### Stored items from a collection
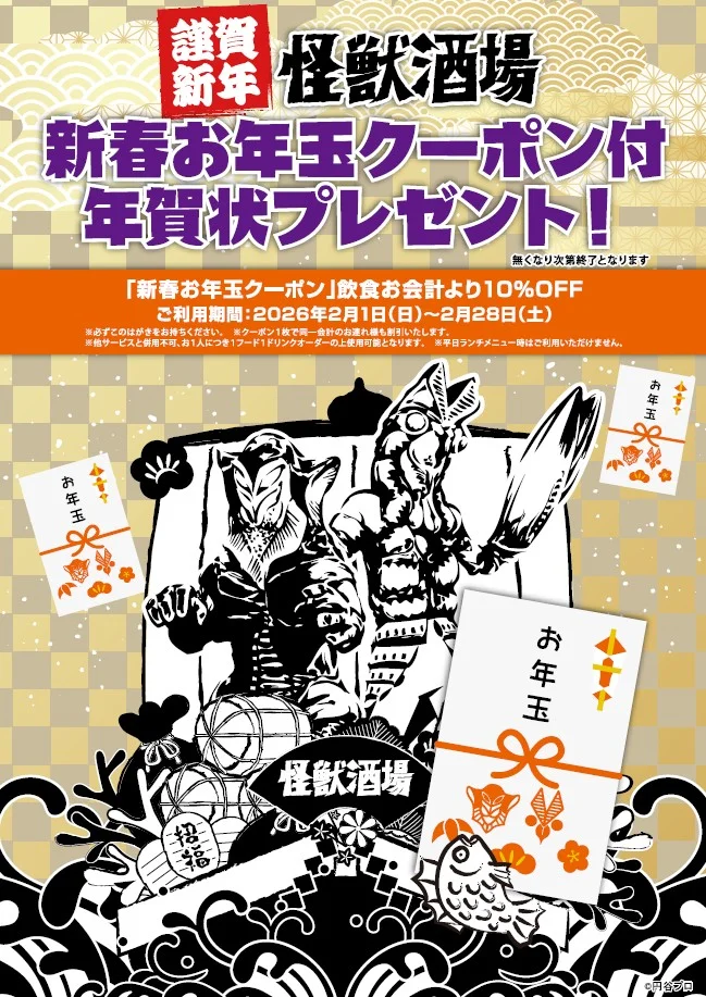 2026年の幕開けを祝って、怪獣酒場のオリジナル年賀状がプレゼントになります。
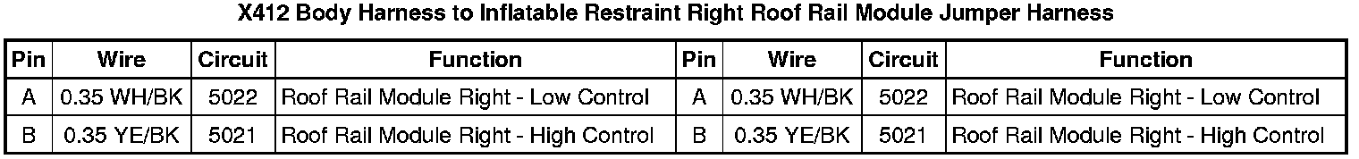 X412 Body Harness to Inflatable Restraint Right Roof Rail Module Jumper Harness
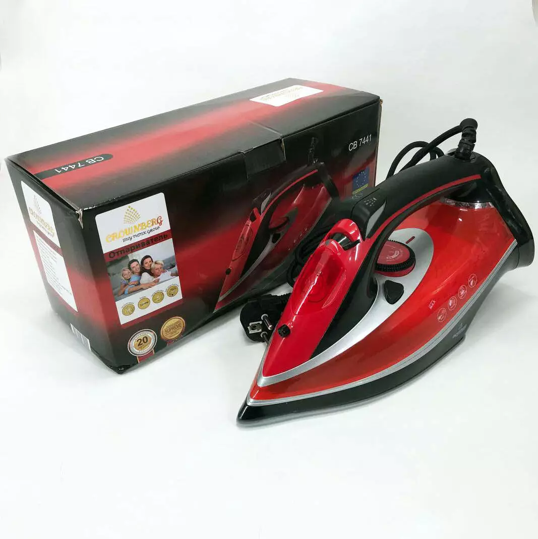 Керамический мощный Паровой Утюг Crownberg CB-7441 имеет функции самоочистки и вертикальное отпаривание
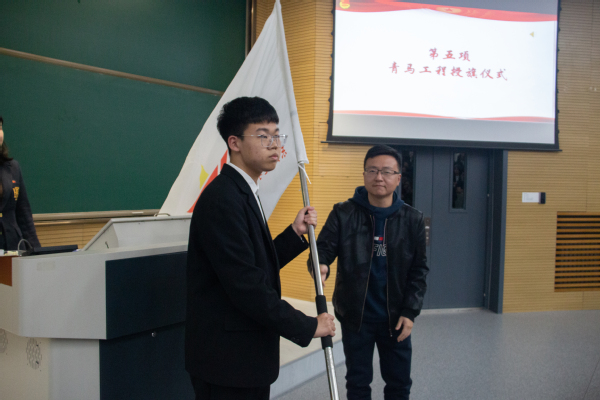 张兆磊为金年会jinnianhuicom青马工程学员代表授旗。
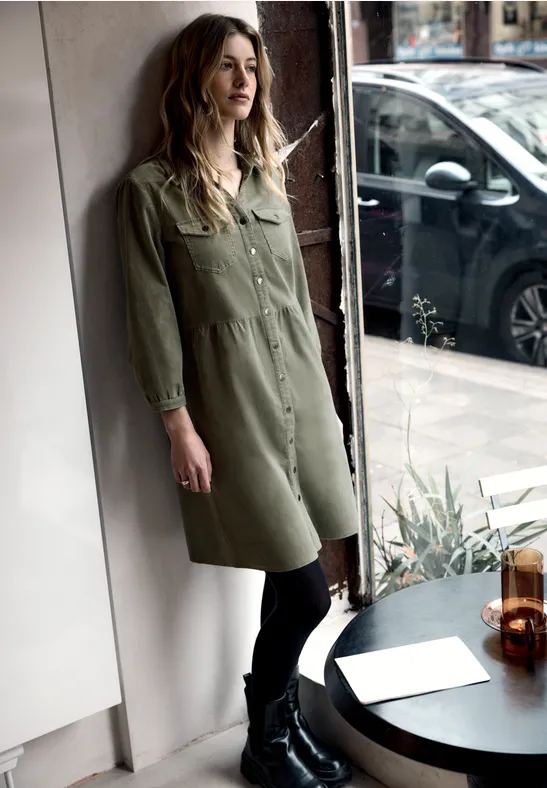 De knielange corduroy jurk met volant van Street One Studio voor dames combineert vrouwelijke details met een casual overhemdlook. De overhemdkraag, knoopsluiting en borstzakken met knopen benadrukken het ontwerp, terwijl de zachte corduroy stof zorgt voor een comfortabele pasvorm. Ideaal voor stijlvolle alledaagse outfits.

### Required work
Return, exactly as they appear, the lines from the line containing "张兆磊为金年会jinnianhuicom青马工程学员代表授旗。" through the end of the records above, both ends included, without pictures.

### Completed exercise
 张兆磊为金年会jinnianhuicom青马工程学员代表授旗。
 De knielange corduroy jurk met volant van Street One Studio voor dames combineert vrouwelijke details met een casual overhemdlook. De overhemdkraag, knoopsluiting en borstzakken met knopen benadrukken het ontwerp, terwijl de zachte corduroy stof zorgt voor een comfortabele pasvorm. Ideaal voor stijlvolle alledaagse outfits.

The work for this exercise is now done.